Addressing racial injustice

An email from CEO Satya Nadella to Microsoft employees: 

As I shared in our Employee Town Hall last month, and in my email earlier this month, we are committed to take action to help address racial injustice and inequity, and unequivocally believe that Black lives matter. Below you will see many of the steps we are taking.

Over the past several weeks, the senior leadership team, board of directors, and I have spent time reflecting, listening, learning, and discussing what role the company – and all of us collectively – must play in helping to drive change, both within Microsoft and in our communities. With significant input from employees and leaders who are members of the Black and African American community, we have developed a set of actions that we believe are both meaningful to improving the lived experience at Microsoft, as well as driving change in the communities in which we live and work.

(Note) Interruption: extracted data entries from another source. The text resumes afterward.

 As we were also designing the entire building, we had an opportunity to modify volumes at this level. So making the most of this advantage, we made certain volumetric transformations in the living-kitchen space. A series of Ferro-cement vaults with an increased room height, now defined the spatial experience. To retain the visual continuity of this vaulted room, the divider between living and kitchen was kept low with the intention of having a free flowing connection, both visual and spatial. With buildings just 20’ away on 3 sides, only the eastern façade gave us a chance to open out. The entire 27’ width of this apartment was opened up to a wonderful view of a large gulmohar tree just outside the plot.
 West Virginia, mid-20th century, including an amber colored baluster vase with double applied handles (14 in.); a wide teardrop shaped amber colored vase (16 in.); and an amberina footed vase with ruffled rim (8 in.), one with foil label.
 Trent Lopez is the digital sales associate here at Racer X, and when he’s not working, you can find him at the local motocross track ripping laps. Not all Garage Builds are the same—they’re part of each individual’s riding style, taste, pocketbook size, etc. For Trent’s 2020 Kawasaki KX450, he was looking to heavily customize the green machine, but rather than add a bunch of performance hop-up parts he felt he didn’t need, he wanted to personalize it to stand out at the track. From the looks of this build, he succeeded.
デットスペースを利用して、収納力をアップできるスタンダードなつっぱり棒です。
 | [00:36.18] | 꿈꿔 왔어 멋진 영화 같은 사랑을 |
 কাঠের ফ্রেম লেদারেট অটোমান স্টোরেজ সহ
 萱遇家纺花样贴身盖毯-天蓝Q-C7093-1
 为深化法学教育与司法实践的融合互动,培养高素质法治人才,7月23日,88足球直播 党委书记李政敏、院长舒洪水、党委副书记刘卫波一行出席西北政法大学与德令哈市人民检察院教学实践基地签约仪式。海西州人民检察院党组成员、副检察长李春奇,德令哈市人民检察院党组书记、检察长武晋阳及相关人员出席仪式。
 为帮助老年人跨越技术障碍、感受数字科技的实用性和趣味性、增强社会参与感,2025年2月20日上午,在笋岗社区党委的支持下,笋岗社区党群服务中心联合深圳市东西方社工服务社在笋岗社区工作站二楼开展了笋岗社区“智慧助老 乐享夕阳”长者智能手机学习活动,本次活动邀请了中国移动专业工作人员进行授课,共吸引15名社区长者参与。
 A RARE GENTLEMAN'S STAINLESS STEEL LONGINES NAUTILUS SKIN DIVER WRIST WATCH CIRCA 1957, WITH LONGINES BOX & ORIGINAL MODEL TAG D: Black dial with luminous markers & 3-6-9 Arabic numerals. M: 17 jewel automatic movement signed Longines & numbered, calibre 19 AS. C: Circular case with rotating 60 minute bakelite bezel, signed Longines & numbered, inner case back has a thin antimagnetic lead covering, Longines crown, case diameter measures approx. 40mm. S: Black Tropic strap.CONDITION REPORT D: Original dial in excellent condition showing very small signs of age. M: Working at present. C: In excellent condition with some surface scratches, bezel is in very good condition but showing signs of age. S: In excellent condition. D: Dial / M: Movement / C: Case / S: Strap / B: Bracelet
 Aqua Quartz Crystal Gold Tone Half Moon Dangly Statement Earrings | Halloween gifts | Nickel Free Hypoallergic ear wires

Today, we are making commitments to address racial injustice and inequity for the Black and African American community in the United States. We will additionally take important steps to address the needs of other communities, including the Hispanic and Latinx community, across the company in the next five years. We are focused on three multiyear, sustained efforts:

  • Increasing our representation and culture of inclusion. We will build on our diversity and inclusion (D&I) momentum from the past five years by adding an additional $150M of D&I investment, and will double the number of Black and African American people managers, senior individual contributors, and senior leaders in the United States by 2025.
  • Engaging our ecosystem. We will use our balance sheet and engagement with suppliers and partners to extend the vision for societal change throughout our ecosystem, creating new opportunities for them and the communities they serve.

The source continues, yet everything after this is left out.